§ **REQUIRED WORK**: Retype each record below word for word. Leave the pictures out.

§ **Collected data entries**:
***

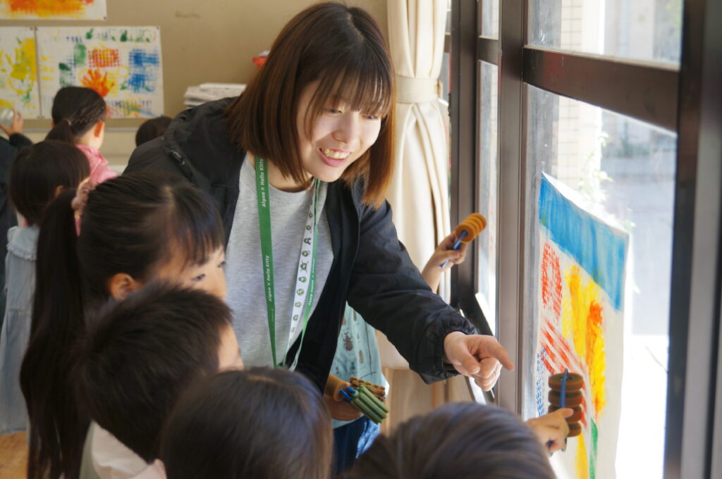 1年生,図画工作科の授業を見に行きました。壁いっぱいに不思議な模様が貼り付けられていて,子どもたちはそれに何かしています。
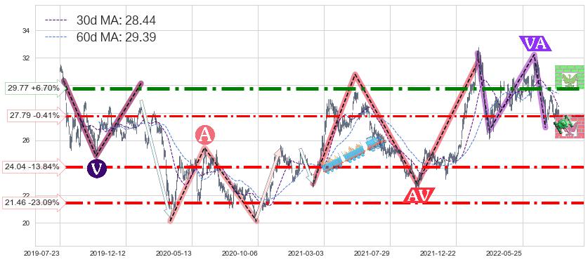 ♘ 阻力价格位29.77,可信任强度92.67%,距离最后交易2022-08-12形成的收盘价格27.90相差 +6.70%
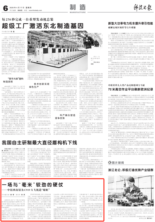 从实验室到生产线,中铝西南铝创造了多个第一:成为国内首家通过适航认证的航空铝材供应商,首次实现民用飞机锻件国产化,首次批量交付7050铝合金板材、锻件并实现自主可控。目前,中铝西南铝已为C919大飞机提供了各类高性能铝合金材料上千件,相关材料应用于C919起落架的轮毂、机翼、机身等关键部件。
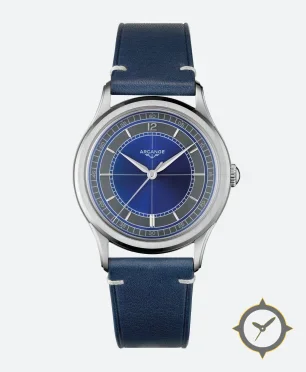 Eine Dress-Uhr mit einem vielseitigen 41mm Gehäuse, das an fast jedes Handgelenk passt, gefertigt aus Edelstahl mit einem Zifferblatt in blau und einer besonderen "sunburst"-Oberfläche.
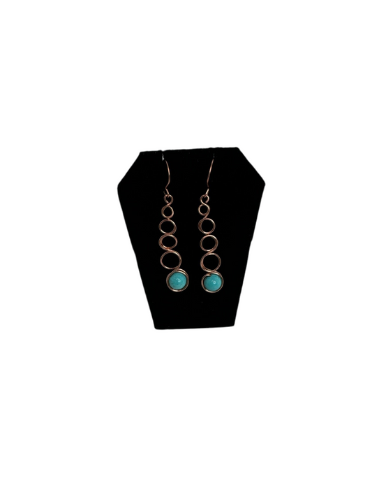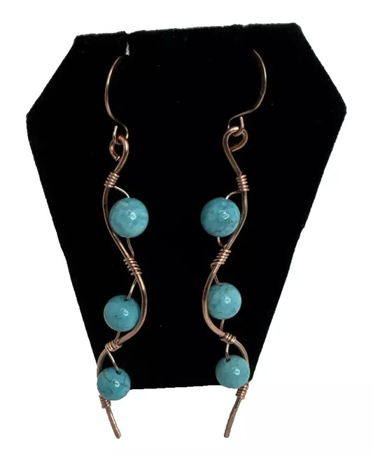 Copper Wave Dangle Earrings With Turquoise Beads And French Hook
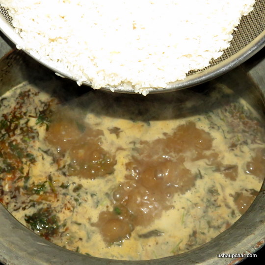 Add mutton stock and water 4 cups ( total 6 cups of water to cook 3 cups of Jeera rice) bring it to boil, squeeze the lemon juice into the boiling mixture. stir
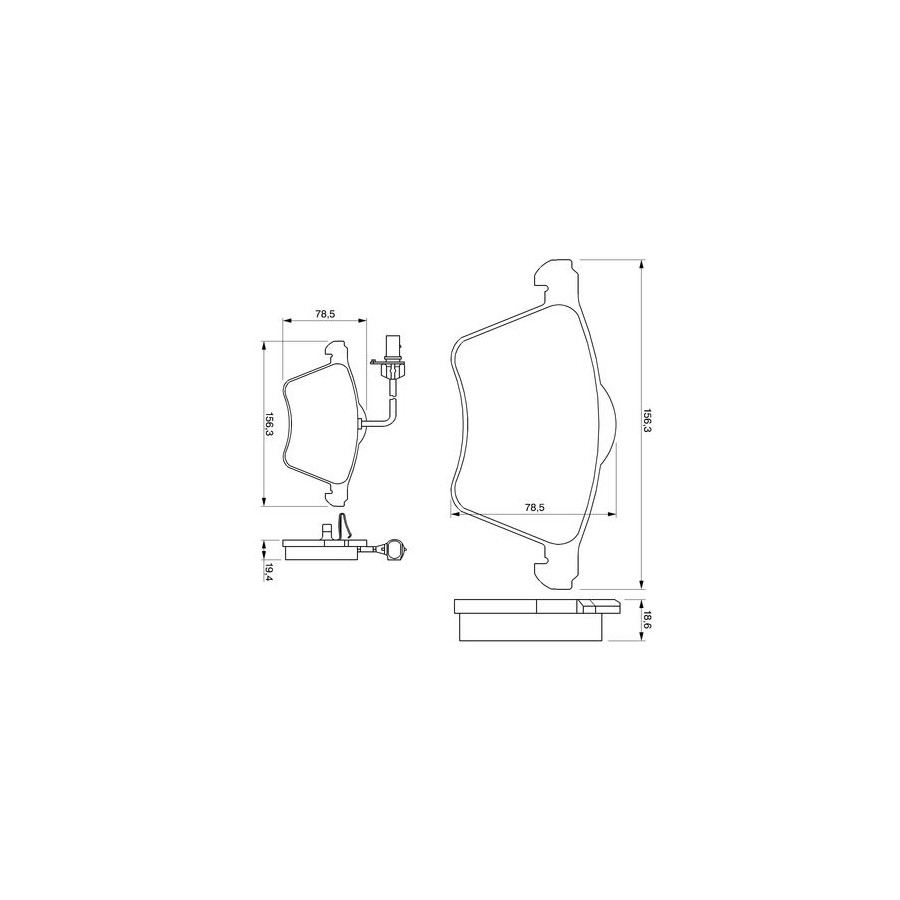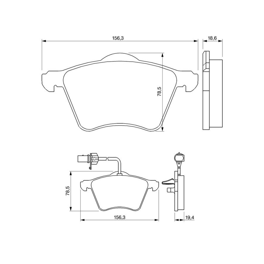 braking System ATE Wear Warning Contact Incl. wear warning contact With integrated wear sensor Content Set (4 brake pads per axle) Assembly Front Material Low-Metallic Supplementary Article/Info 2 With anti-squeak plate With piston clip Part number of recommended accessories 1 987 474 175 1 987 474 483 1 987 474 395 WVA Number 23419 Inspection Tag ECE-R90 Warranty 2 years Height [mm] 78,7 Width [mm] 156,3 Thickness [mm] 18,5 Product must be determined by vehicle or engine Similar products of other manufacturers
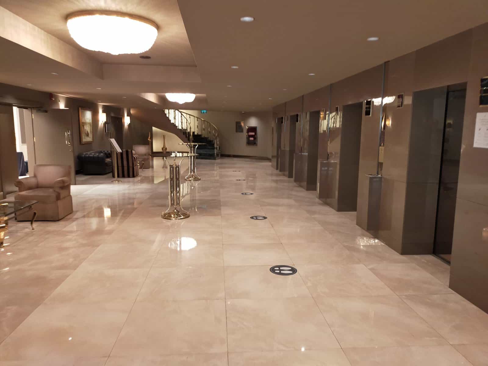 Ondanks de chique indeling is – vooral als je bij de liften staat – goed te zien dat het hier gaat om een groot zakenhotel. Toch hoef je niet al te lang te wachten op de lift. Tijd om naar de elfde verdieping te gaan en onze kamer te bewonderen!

***

§ **SOLUTION TO THIS PROBLEM**:
 1年生,図画工作科の授業を見に行きました。壁いっぱいに不思議な模様が貼り付けられていて,子どもたちはそれに何かしています。
 ♘ 阻力价格位29.77,可信任强度92.67%,距离最后交易2022-08-12形成的收盘价格27.90相差 +6.70%
 从实验室到生产线,中铝西南铝创造了多个第一:成为国内首家通过适航认证的航空铝材供应商,首次实现民用飞机锻件国产化,首次批量交付7050铝合金板材、锻件并实现自主可控。目前,中铝西南铝已为C919大飞机提供了各类高性能铝合金材料上千件,相关材料应用于C919起落架的轮毂、机翼、机身等关键部件。
 Eine Dress-Uhr mit einem vielseitigen 41mm Gehäuse, das an fast jedes Handgelenk passt, gefertigt aus Edelstahl mit einem Zifferblatt in blau und einer besonderen "sunburst"-Oberfläche.
 Copper Wave Dangle Earrings With Turquoise Beads And French Hook
 Add mutton stock and water 4 cups ( total 6 cups of water to cook 3 cups of Jeera rice) bring it to boil, squeeze the lemon juice into the boiling mixture. stir
 braking System ATE Wear Warning Contact Incl. wear warning contact With integrated wear sensor Content Set (4 brake pads per axle) Assembly Front Material Low-Metallic Supplementary Article/Info 2 With anti-squeak plate With piston clip Part number of recommended accessories 1 987 474 175 1 987 474 483 1 987 474 395 WVA Number 23419 Inspection Tag ECE-R90 Warranty 2 years Height [mm] 78,7 Width [mm] 156,3 Thickness [mm] 18,5 Product must be determined by vehicle or engine Similar products of other manufacturers
 Ondanks de chique indeling is – vooral als je bij de liften staat – goed te zien dat het hier gaat om een groot zakenhotel. Toch hoef je niet al te lang te wachten op de lift. Tijd om naar de elfde verdieping te gaan en onze kamer te bewonderen!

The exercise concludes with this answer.